I’m certainly no expert, but I have played the Titan Quest demo so I suppose that qualifies me to toss in my two bits.
In a general sense, I think that TItan Quest didn’t get the nominations because the demo, while technically well done, and certainly fun to play, wasn’t flashy. I mean, Hellgate:London has Cabalists sucking psychic energy and causing demons to explode; the WoW expansion has a built-in 5 million fanboy base who can’t wait to make Blood Elves and tell them to /dance; FF XII has … well, plenty of people who live from FF to FF release - Titan Quest has you whacking a pig with a rusty copper dagger (I’m assuming people at E3 played essentially the demo for Titan Quest).
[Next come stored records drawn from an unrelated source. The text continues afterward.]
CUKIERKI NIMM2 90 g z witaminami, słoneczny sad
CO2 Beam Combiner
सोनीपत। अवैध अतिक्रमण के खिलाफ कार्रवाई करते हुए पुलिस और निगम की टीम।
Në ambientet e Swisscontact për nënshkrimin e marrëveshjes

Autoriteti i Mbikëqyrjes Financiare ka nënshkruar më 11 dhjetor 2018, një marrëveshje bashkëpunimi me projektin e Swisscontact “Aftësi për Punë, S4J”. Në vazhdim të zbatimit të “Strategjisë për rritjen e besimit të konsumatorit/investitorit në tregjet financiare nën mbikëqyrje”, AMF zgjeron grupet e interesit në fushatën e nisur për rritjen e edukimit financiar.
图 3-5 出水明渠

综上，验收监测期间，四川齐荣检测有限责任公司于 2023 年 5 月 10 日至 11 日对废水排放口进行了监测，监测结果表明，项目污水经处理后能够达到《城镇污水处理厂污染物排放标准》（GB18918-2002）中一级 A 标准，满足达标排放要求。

So in a sense, I think you hurt your own cause by having a demo which was representative (as opposed to something over the top or something with tons of superfluous spell effects).
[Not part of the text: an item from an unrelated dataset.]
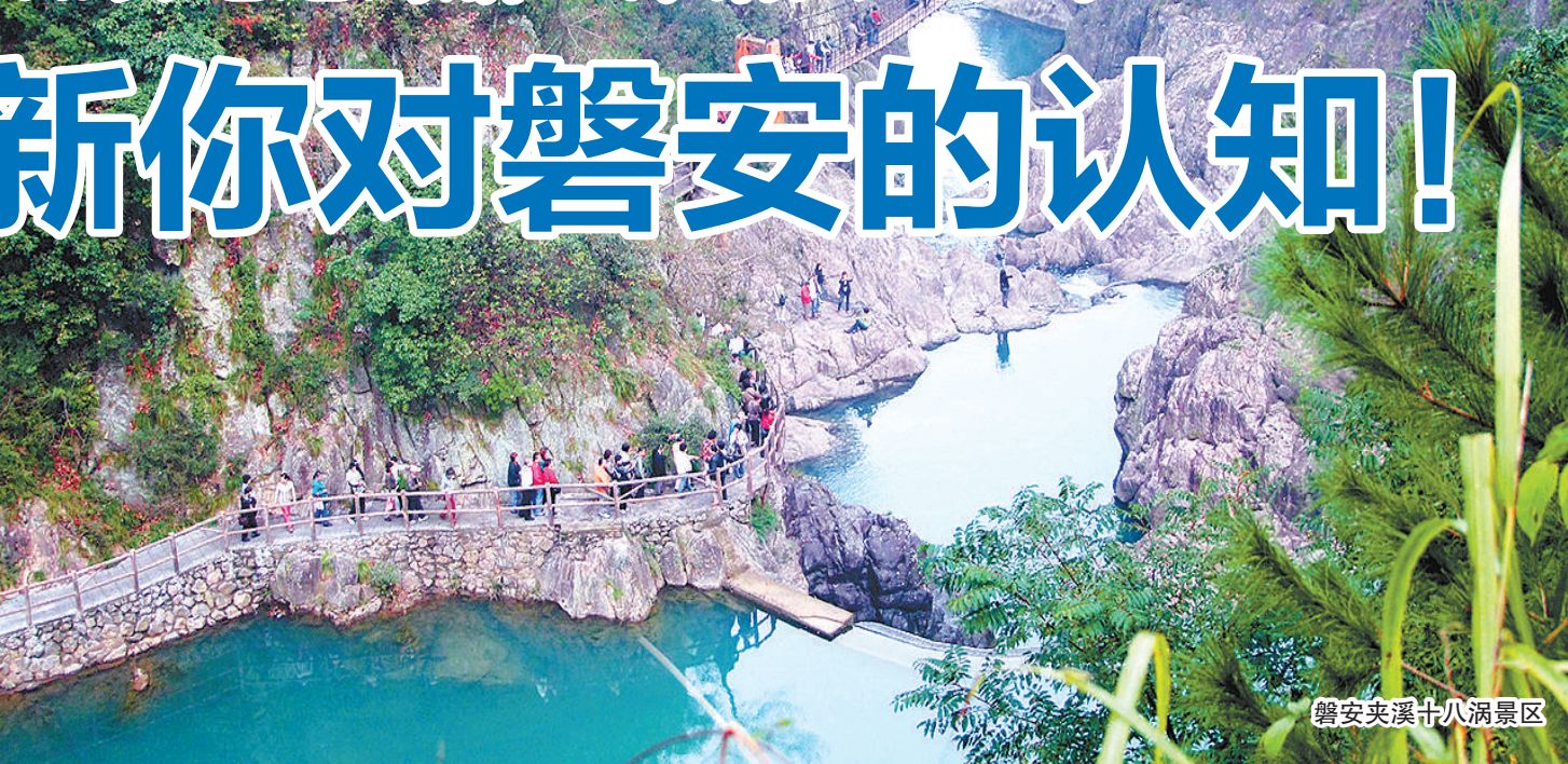
磐安夹溪十八洞景区

Also, if I had to mentally lump TQ into a bin it would of course be the “Diablo Action RPG” camp. The good part about lumping a game there is it’s a popular genre, and you don’t have to spend much time explaining what you’re about. The bad part is that, well, I don’t think the gameplay is gonna surprise anyone. Hold down the Alt key to see loot… shift key attacks without moving… red bar… blue bar… yeah, it’s all here. The fact that so much of TQ appears to be a known commodity works against you getting in any “best of lists” in the same way that technically well done (but conventional) movies tend to not make the best of lists for movie critics (ok, so you can say “why does Hellgate:London make it then, since they’re the same genre?” to which I say: partially because they’re still a ways out, and so people will make allowances for imperfections they see - plus being furher out, that allows for a bit of handwaving by whoever’s manning the booths. And in addition, the setting in HGL is more ‘edgy’ than TQ’s which I think wins them some brownie points).
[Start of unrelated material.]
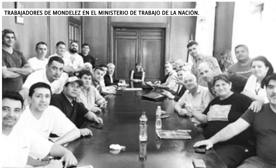
TRABAJADORES DE MONDELEZ EN EL MINISTERIO DE TRABAJO DE LA NACIÓN.

La audiencia del 21 fue la tercera en un mes. En este tiempo, las trabajadoras y trabajadores de Mondelez Pacheco discutieron en los sectores y las líneas la situación y cómo plantarse frente a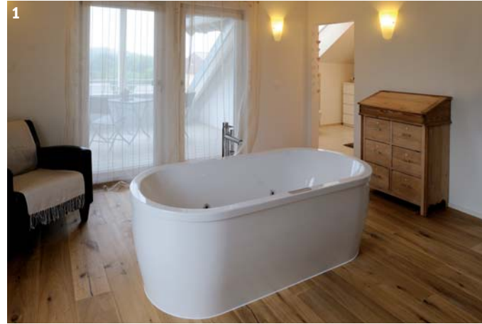
Foto gross) Geräumig und dank der Kombination von Holz und Weiss sehr wohnlich: die Küche. 1) Im Schlafzimmer steht dieser Whirlpool und bietet Raum für Erholung. 2) Im eigenen Bad haben die Eltern Privatsphäre. 3) Die Holztreppe verbindet die drei Geschosse.

As for wowing the public (no pun intended) with the product: were you able to show some of the more unique aspects of the game? For instance, were people able to fight some of the Annubi in Egypt (like the movies on the website show)? Did you show off the China setting? Did people have the ability to use the level editor? To me, those are the elements of TQ that could make it shine.
All that said, I think (and hope) Titan Quest is going to sell well. I’m certainly getting a copy, and I have a number of friends who are also. The demo was a great deal of fun and did a good job of showing off the game mechanics and graphics. So while it might not have been the best kind of presentation to get on those “Best of” lists, I think it does a good job of selling the product.
I guess if you boiled it down, Titan Quest seems like the girl next door. When you’re sowing your wild oats, you ignore her and go out with that sleazy chick down the street, but when it comes time to settle down, the girl next door, who seemed really boring a year ago, starts to really appeal. So while people are gonna date all those other programs, I think they’ll be taking Titan Quest home to mom.
Ok, gotta stop, my metaphor-o-tron just broke.